“Call him a magistrate!” cried the post master.

Ursula meanwhile was sitting on her little sofa in a half-fainting condition, her head thrown back, her braids unfastened, while every now and then her sobs broke forth. Her eyes were dim and their lids swollen; she was, in fact, in a state of moral and physical prostration which might have softened the hardest hearts—except those of the heirs.

“Ah! Monsieur Bongrand, after my happy birthday comes death and mourning,” she said, with the poetry natural to her. “You know, you, what he was. In twenty years he never said an impatient word to me. I believed he would live a hundred years. He has been my mother,” she cried, “my good, kind mother.”

These simple thoughts brought torrents of tears from her eyes, interrupted by sobs; then she fell back exhausted.

“My child,” said the justice of peace, hearing the heirs on the staircase. “You have a lifetime before you in which to weep, but you have now only a moment to attend to your interests.

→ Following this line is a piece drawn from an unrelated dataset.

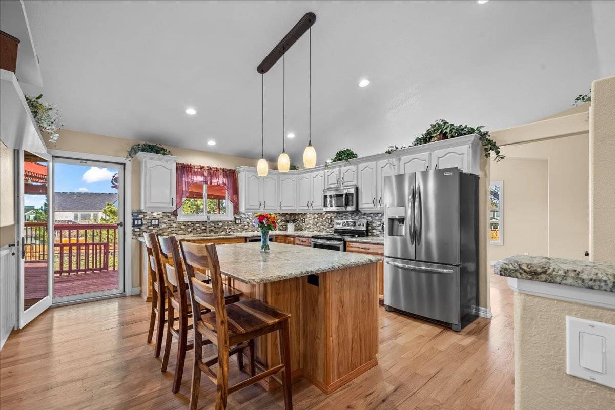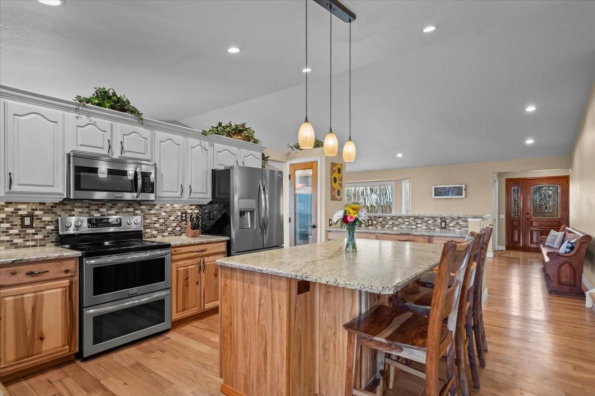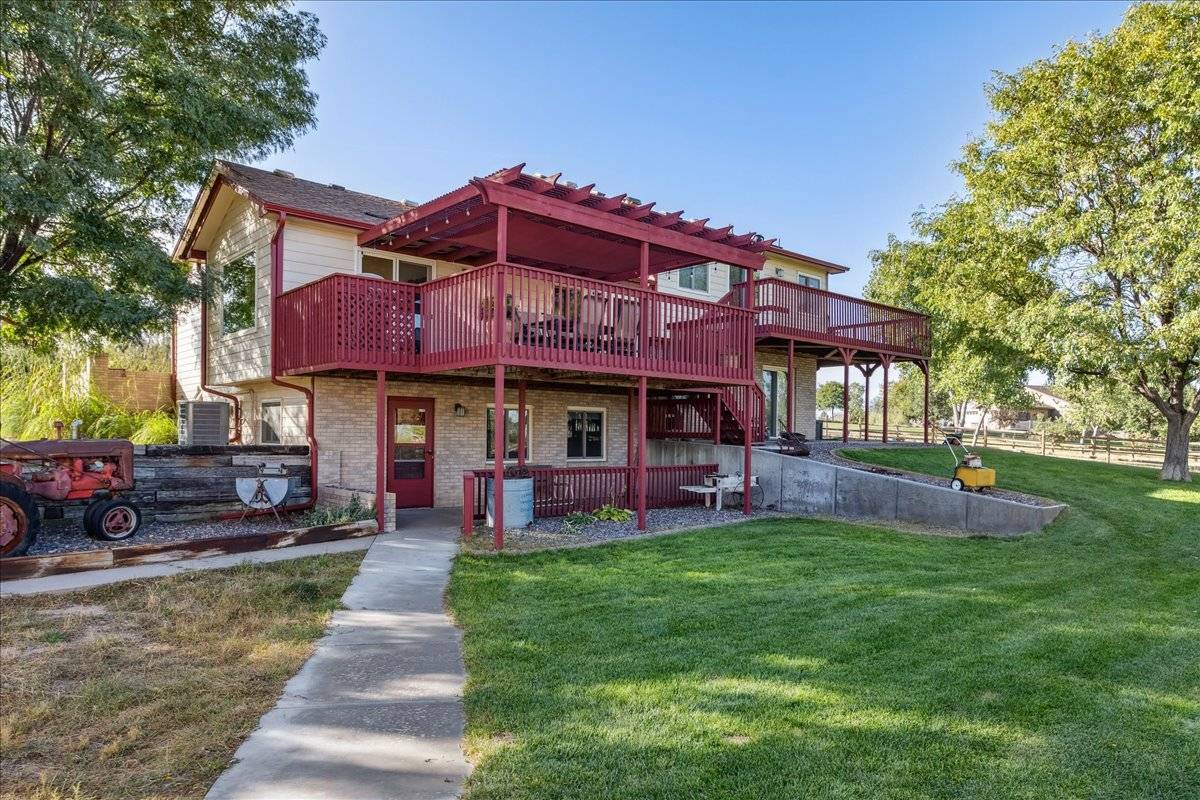 Welcome home to this stunning 4-bedroom, 4-bath multi-level residence set on nearly 3 acres—perfectly designed for both people and horses. This thoughtfully planned property offers a rare combination of space, privacy, and breathtaking mountain views, all just minutes from town conveniences. Bring your horses, hobbies, and guests—there’s room for it all! The property features two fenced grazing pastures, a riding arena, and a lean-to shelter, ideal for those seeking a manageable horse setup with easy access to amenities. A heated 1,530 sq ft outbuilding with concrete flooring and 220V power offers endless possibilities for tack, equipment, workshop, or trailer storage. Inside, a large foyer welcomes you into the main level with hardwood floors, vaulted ceilings, and abundant natural light. The upgraded kitchen features a spacious center island, stainless steel appliances, extensive cabinetry, and generous counter space—flowing seamlessly into a dining area with large windows framing your scenic surroundings. Step out onto the multi-level deck with two roller shades, a sunshade, and a built-in propane stub for grilling—perfect for relaxing after a ride or entertaining under the Colorado sky. The primary suite offers a luxurious retreat with a 5-piece bath, large walk-in closet, and top-down/bottom-up blinds. Another ensuite bedroom and multiple living areas—including a lower-level family room with new carpet and propane fireplace, plus a media room and office—provide flexibility for all lifestyles. A separate guest house currently used as a game room features a ¾ bath, large closet, and cabinetry—ideal for guests, a home office, studio. With its thoughtful layout, equestrian amenities, and proximity to town, this property offers the best of both worlds—country living with modern convenience. Don’t miss this rare opportunity to own a horse-friendly property with unmatched versatility and views!

Gather everything that belongs to you in this house and put it into your own room at once. The heirs insist on my affixing the seals.”

“Ah! his heirs may take everything if they choose,” cried Ursula, sitting upright under an impulse of savage indignation. “I have something here,” she added, striking her breast, “which is far more precious—”

“What is it?” said the post master, who with Massin at his heels now showed his brutal face.

“The remembrances of his virtues, of his life, of his words—an image of his celestial soul,” she said, her eyes and face glowing as she raised her hand with a glorious gesture.

“And a key!” cried Massin, creeping up to her like a cat and seizing a key which fell from the bosom of her dress in her sudden movement.

“Yes,” she said, blushing, “that is the key of his study; he sent me there at the moment he was dying.”